I love quiet time in nature, but events that surround me with thousands of people celebrating life together make a great change of pace. One year our family took a special vacation to Disney World. It’s always fun to take in local events such as the Smoky Hill River Festival which includes children’s art activities, artisan craft demonstrations, all kinds of foods, browsing fine art and craft booths and enjoying performing art entertainment

Browse art galleries and museums

Visual arts involve imagination and expression of reality through the creation and interpretation of images or objects with paint, sculpture, printmaking and photography. Architecture, decorative and commercial arts are common practical applications I pay attention to. The Wichita Art Museum and Walker Art Center Sculpture Garden in Minneapolis are among exhibitions I’ve experienced to engage my aesthetic sensibilities.

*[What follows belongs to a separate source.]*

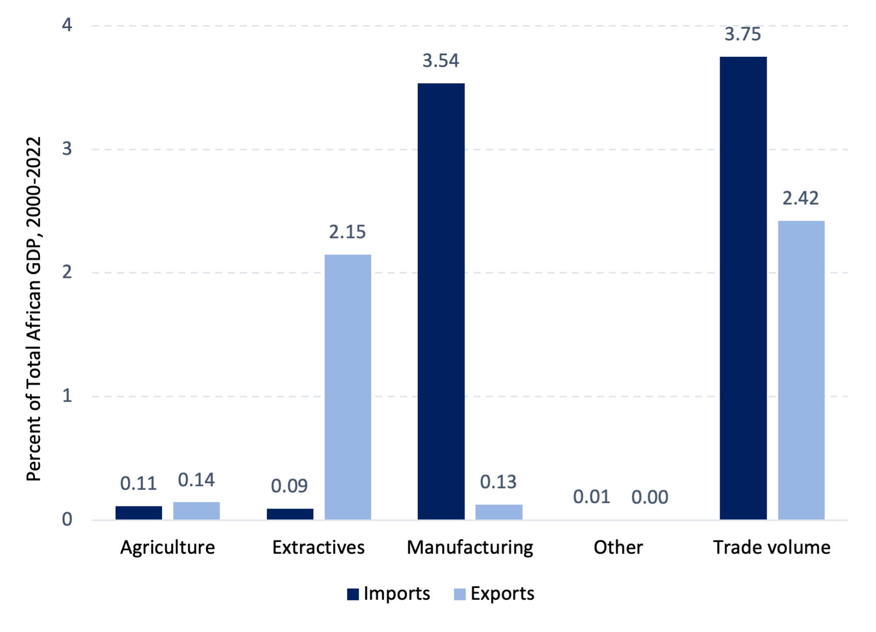- Africa-China trade is largely an exchange of primary commodities for finished goods. From 2000-2022, 89 percent of Africa’s exports to China were in the extractives sector and were mostly oil, copper, iron ore and alumina commodities. Imports on the other hand, were dominated by manufactured goods, such as telecommunications equipment and fabrics, which represent 94 percent of all imports from China during the same period.

Read/discuss books with friends

Having a friend choose books offers motivation to participate in a book club. As a reward for reading, a “scheduled time” helps cultivate friendships through discussions. I enjoy reading books written by a grandfather, friends and cousins. I’ve picked up stacks of garage sale books which remain a mystery. So many books to read, I should never be bored!

Sunday mornings in church

I “like” my church! If I miss being there on a Sunday for some reason, I feel as though I missed something very important.
“Worship is like no place else in this world. But there is one place that it does resemble, and that is heaven” —“Taking a Tour of Heaven” Reporter insert, LCMS
Church is our life together in worship… confessional faithfulness, artistic excellence, integrity in presentation, distribution and reception of the Blessed Trinity’s life-giving gifts in Word and Sacraments.

Have peace in Christ

I don’t know when the last day will be, but at the end of my days, it’s all about Jesus. My bucket is full and I’m completely in the peace of Christ. God gave His Son who lived perfectly but took upon my sins at the cross and rose from the dead on the third day. Through the gift of faith I received in baptism and by hearing the Word in church, I know that my confessions are heard and I am forgiven. Eternal life in heaven is for me and anyone who believes. Simple truth, everlasting pleasure.